Produce negative electrode
For negative electrode 52, show in such as Figure 11, the electroactive material (or activated cathode component) of selection is sulfur 53.By sulfur 53
Introduce plasma chamber 12 in powder form.Introducing the sulfur 53 of room 12 and the ratio of graphite stacking 2,3 is 20wt% to 80wt%.
Then carry out sublimation process, sulfur 53 is applied to the graphite with master space 4 to stack.Free sulfur granules substantially capture
In electrode carbon structure or space, there is provided preserve the mode of necessary electrical contact during sulfur circulates with offer.Sulfur 53 covalent bond
Surface to layer 5,5a.Additionally, free sulphur embed wave stacked structure space 4 in and strength remain at, this due to
Its attraction to the sulfur granules being bound to carbon containing construction.Sulfur/graphene composite material construction adsorbs any polysulfide intermediate.
This negative electrode arranges that 52 (at least) significantly reduce the solution loss of sulfur it is ensured that the high coulombic efficiency of negative electrode and provide negative electrode
Long life cycle.This ultimately provides the stable carbon sulfur electrode with improved negative electrode 52 efficiency.

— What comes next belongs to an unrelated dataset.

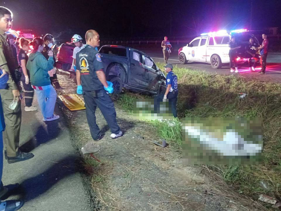 ที่เกิดเหตุ พบรถกระบะ 4 ประตู อีซูซุ วีครอส สีเทา ทะเบียน 2074 ชลบุรี สภาพพังยับทั้งคัน ร่องรอยล้อรถยาวกว่า 200 เมตรก่อนตกลงร่องกลางถนน จากการตรวจสอบ พบว่ามีผู้เสียชีวิต 2 ราย เป็นหญิงไทย อายุ 35 ปี และเด็กหญิง วัยประมาณ 5 ขวบ ซึ่งคาดว่าเป็นแม่และลูกสาว เสียชีวิตในพงหญ้ากลางถนน และพบว่ามีผู้บาดเจ็บ 2 รายคือ เป็นชายไทย คนขับรถกระบะ และเด็กชาย วัยประมาณ 8 ขวบ คาดว่าเป็นพ่อและลูกชาย เจ้าหน้าที่กู้ภัยรีบนำส่งโรงพยาบาล

Manufacture Li-ion batteries piles
Show in Li-ion batteries piles 54, such as Figure 12, by multiple lithiums being encapsulated in prismatic metal cover (not shown) from
Sub- battery (only show) is formed.Lithium ion battery is tri-plate assembly.Multiple tri-plate assemblies press together simultaneously
And be located in metal cap, it is made up of positive pole (anode) 49, negative pole (negative electrode) 52 and dividing plate 55 this tri-plate assembly.By tri-plate
Assembly immerses in the electrolyte 56 of metal cap (not shown).
Electrolyte 56 is structurized gel, such as hydrogel, and it comprises ionizable species such as lithium.Figure 12 shows
Electrolyte is lithium sulfide.Dividing plate 54 is the very thin sheet material of micropunch polymer, and anode 49 is separated, simultaneously by it with negative electrode 52
Ion 57 is allowed to extend there through.Polymer 55 as shown in Figure 12 is polyethylene.
Negative pole is negative electrode 52 that above-mentioned sulfur embeds and positive pole is the anode 49 that above-mentioned silicon embeds, so negative electrode 52 and anode
49 are provided with electroactive material 6,7.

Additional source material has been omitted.